+++ Given records
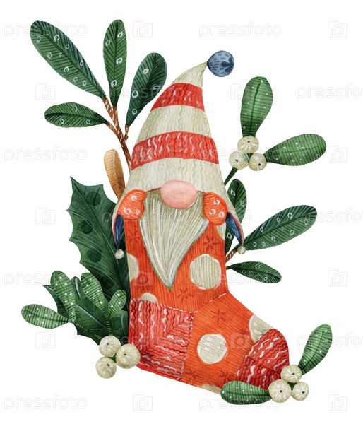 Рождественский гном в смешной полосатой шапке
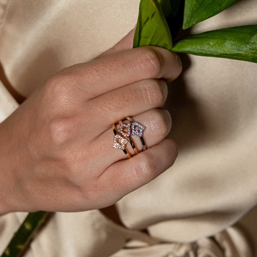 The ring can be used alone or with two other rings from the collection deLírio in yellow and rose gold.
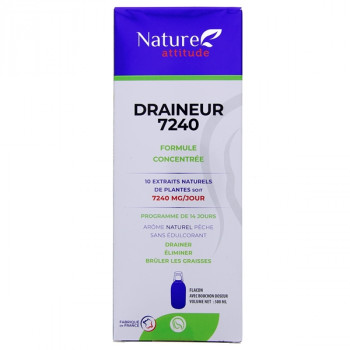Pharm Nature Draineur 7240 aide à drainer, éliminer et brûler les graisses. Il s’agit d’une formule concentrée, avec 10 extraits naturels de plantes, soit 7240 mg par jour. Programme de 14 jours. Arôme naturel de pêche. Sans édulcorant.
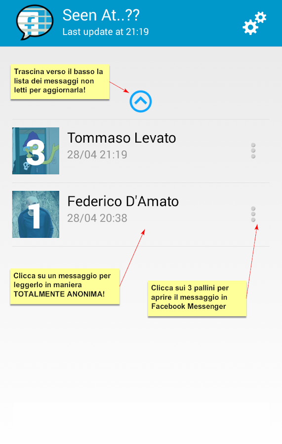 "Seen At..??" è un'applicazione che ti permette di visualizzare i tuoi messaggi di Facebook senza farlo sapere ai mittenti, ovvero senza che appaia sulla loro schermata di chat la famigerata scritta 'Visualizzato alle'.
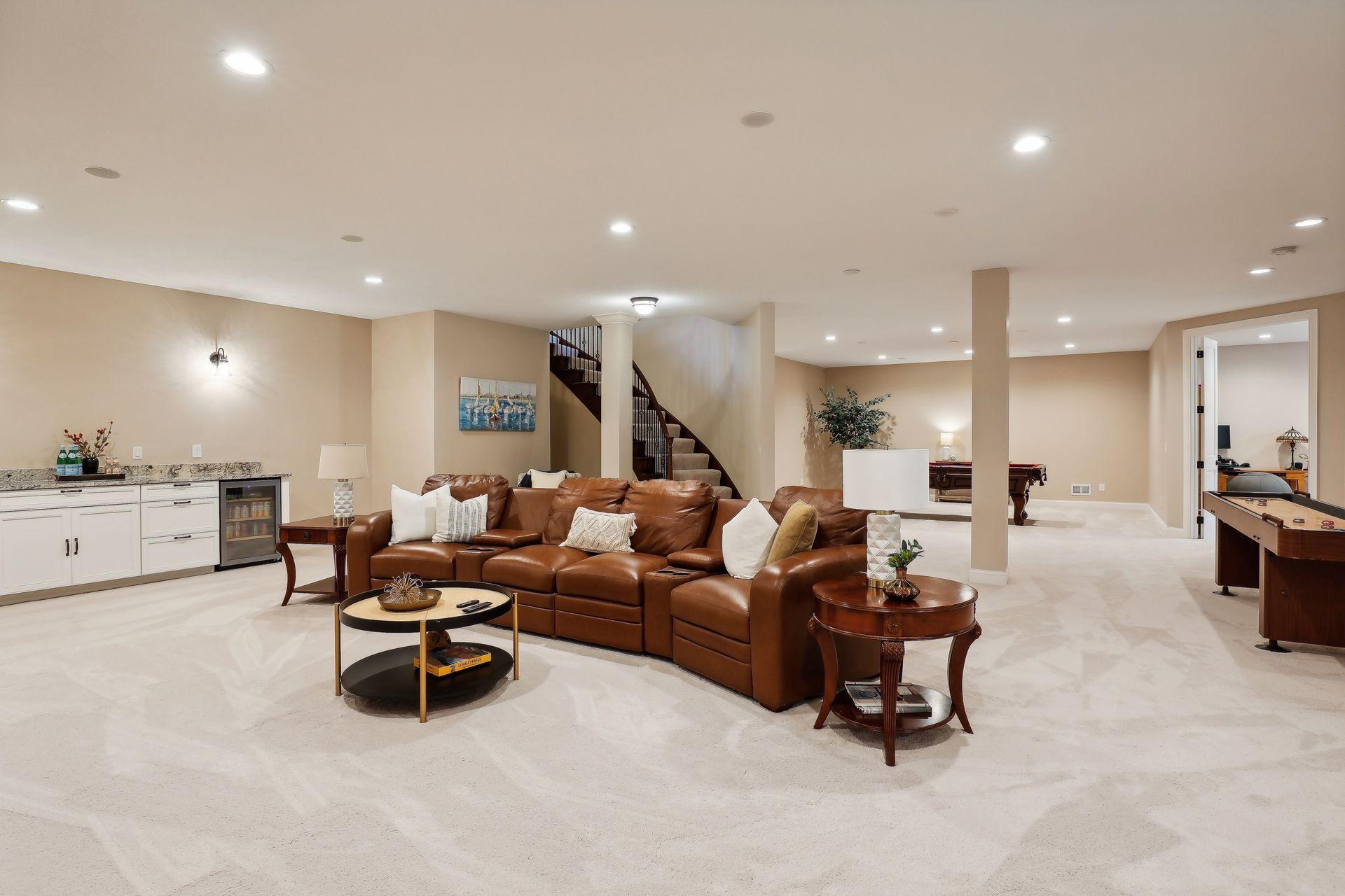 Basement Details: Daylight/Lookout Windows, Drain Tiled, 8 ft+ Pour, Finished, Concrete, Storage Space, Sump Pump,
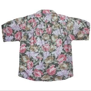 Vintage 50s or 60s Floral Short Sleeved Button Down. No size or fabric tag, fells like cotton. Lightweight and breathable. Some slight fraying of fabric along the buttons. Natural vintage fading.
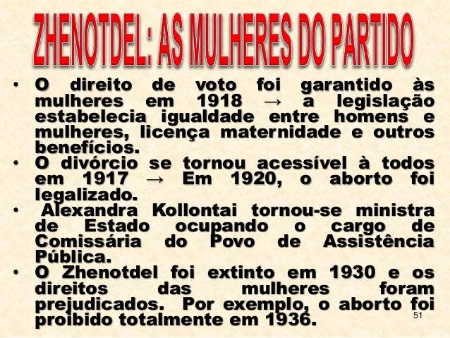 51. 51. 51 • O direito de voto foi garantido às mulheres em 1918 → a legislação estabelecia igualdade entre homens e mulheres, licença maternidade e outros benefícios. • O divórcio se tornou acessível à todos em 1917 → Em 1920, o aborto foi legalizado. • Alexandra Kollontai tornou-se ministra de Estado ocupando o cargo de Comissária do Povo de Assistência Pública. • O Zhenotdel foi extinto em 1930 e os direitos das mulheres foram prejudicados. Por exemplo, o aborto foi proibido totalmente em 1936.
++++++
+++ Given records
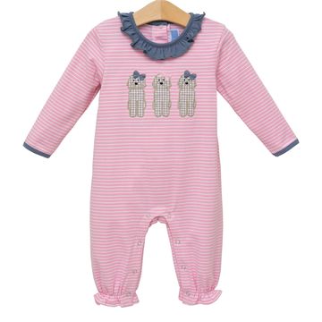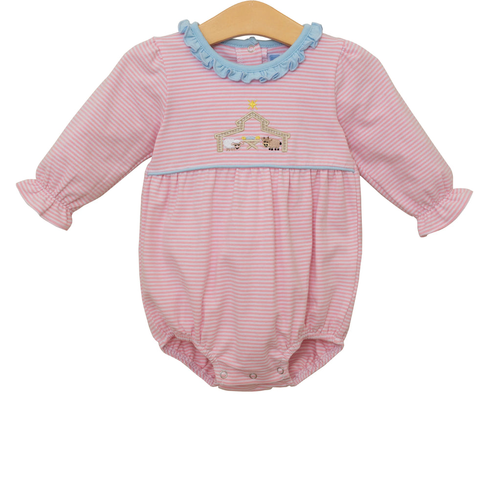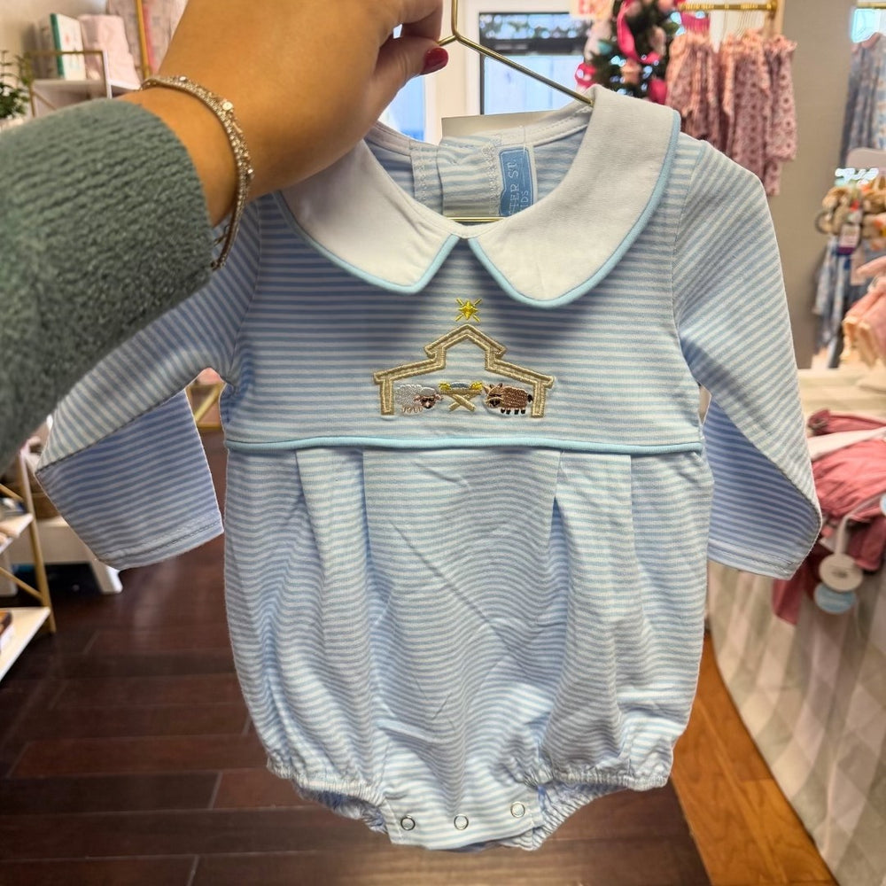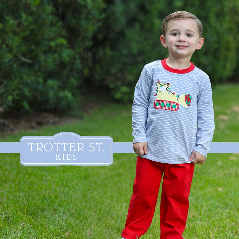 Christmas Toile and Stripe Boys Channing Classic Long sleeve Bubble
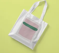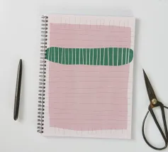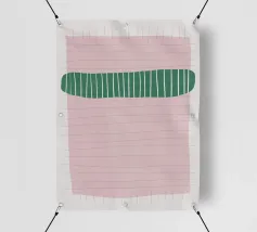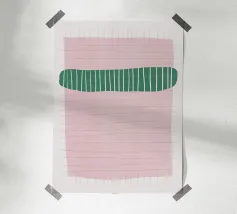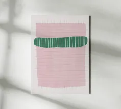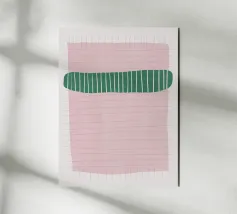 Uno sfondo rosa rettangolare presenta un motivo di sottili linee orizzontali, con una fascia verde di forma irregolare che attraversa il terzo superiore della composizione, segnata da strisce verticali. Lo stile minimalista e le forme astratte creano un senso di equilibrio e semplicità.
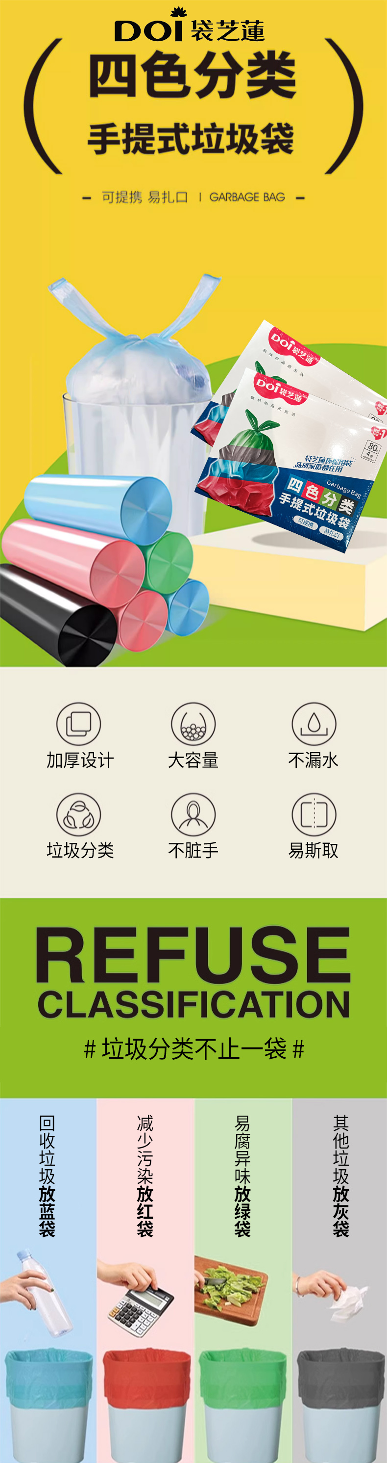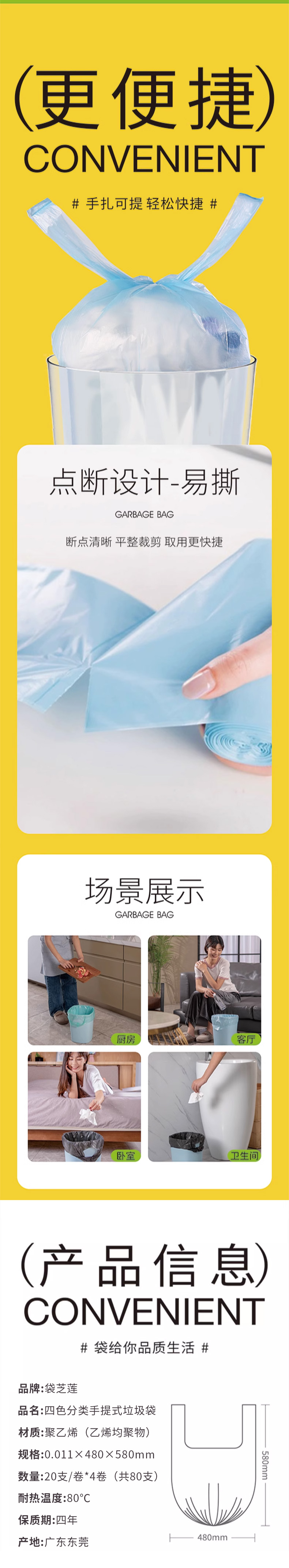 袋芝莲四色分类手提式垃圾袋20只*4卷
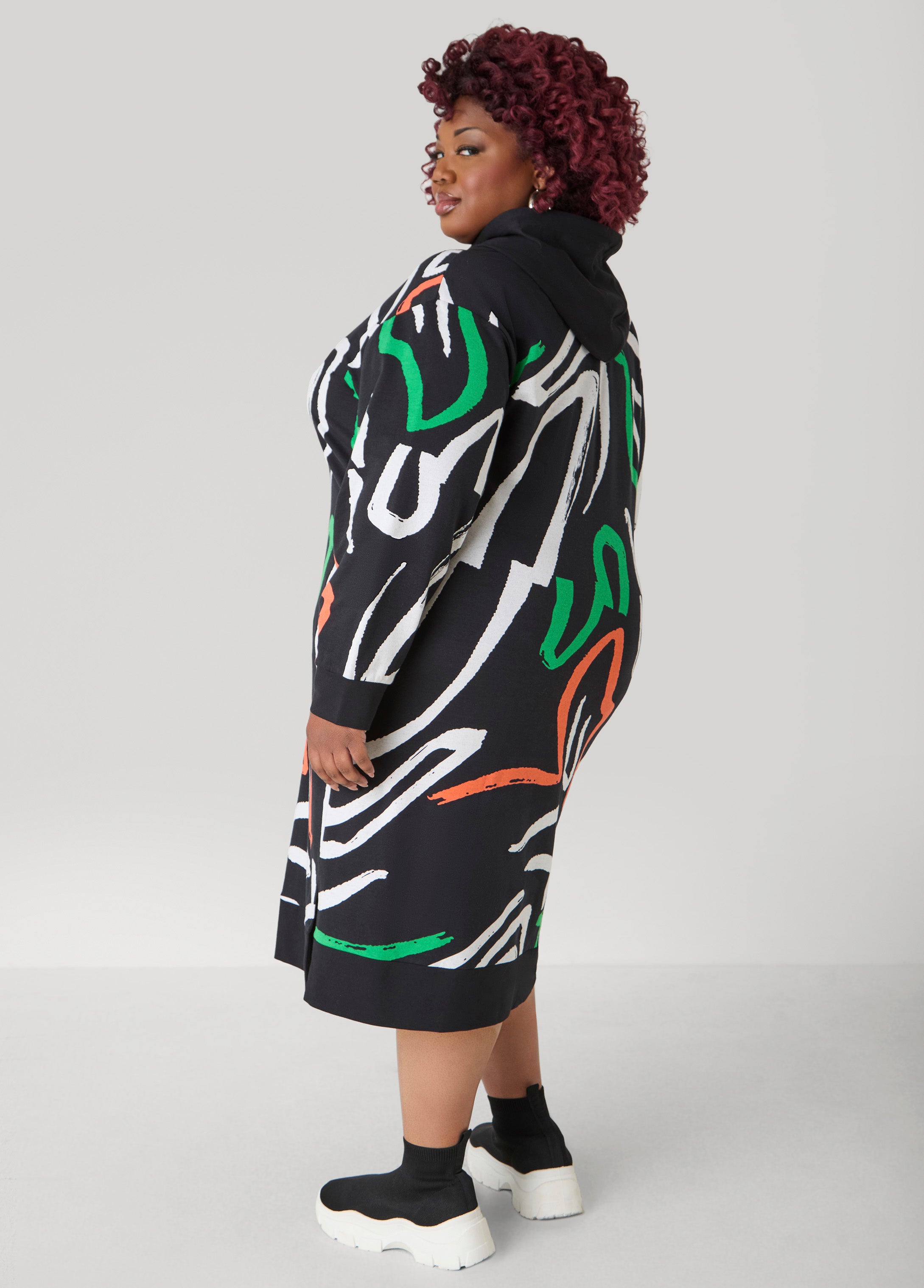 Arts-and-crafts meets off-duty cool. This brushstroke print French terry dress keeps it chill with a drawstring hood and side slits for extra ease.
++++++
Out of the records above, please copy exactly the lines from the line with "The ring can" up to and including the line with "Pharm Nature Draineur", minus the pictures.

*Reply to the exercise*.
 The ring can be used alone or with two other rings from the collection deLírio in yellow and rose gold.
Pharm Nature Draineur 7240 aide à drainer, éliminer et brûler les graisses. Il s’agit d’une formule concentrée, avec 10 extraits naturels de plantes, soit 7240 mg par jour. Programme de 14 jours. Arôme naturel de pêche. Sans édulcorant.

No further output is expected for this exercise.